Bulgarian B Group
- Season: 2014–15
- Promoted: Montana Pirin Blagoevgrad
- Relegated: Botev Vratsa Chernomorets Rakovski Spartak Varna
- Matches played: 239
- Goals scored: 586 (2.45 per match)
- Top goalscorer: Yanaki Smirnov (22 goals)

= 2014–15 B Group =

The 2014–15 B Group was the 59th season of the Bulgarian B Football Group, the second tier of the Bulgarian football league system.

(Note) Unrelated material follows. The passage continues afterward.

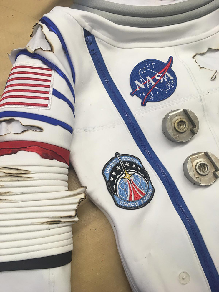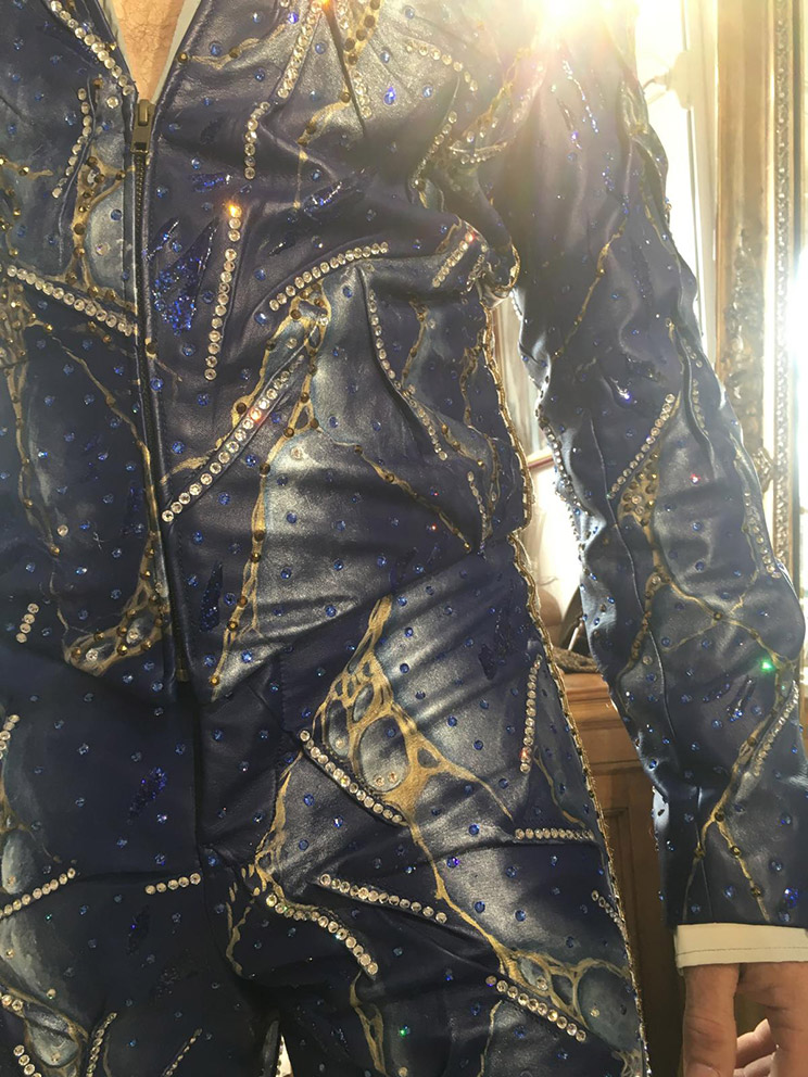 Costume moitié motard en faux cuir stretch moitié smoking en crèpe satin ivoire stretch, 2016

==Team changes from 2013–14==

===Movement between A PFG and B PFG===
At the end of last season the first two teams of the second division of Bulgarian football were promoted to the top division - A PFG. These were Marek Dupnitsa and Haskovo 2009.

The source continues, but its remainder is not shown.